LinkBack URL
About LinkBacks
I've read several variations on Euclid's proof, mainly:
Suppose that p1=2 < p2 = 3 < ... < pr are all of the primes. Let P = p1p2...pr+1 and let p be a prime dividing P; then p can not be any of p1, p2, ..., pr, otherwise p would divide the difference P-p1p2...pr=1, which is impossible. So this prime p is still another prime, and p1, p2, ..., pr would not be all of the primes.
from Euclid's Proof of the Infinitude of Primes (c. 300 BC)
What I don't understand is why "p can not be any of p1, p2, ..., pr, otherwise p would divide the difference P-p1p2...pr=1, which is impossible." Why can't it, for instance, be divisible by p1*p1*p1*p2? In other words I don't understand why "p would divide the difference P-p1p2...pr=1".
----
After thinking about it, I found a satisfactory answer but since I wrote all of the above, I figured I would post this with the answer.
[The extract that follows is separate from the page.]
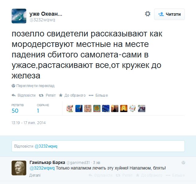 Перевод на английский телефонных разговоров террористов о сбитом Боинге-777. Это надо передать всем друзьям в ЕС, США и т.д.:

As a reminder from above: P = p1*p2*p3...pr+1 and p is a prime of P. Define A such that:
A = P/p
= (p1*p2*p3...pr+1)/p
= (p1*p2*p3...pr)/p + 1/p
Since p is a prime of P, A must be a whole number (e.g. 2 is a prime of 6 so 6/2 = 3 which is a whole number). Assume that p is any of p1,p2,p3...pr.
From the above, we can see that if p is equal to any of p1, p2, p3, then the first term of A ((p1*p2*p3...pr)/p) is a whole number, but the second term of A (1/p) is a fraction. A fraction subtracted from a whole number is a fraction. Therefore there is a contradiction since when p is any of p1,p2,p3...pr, A is a fraction. Therefore, p cannot be any of p1,p2,p3...pr.
Sorry if it's a bit verbose. If anyone has a better explanation, please post it.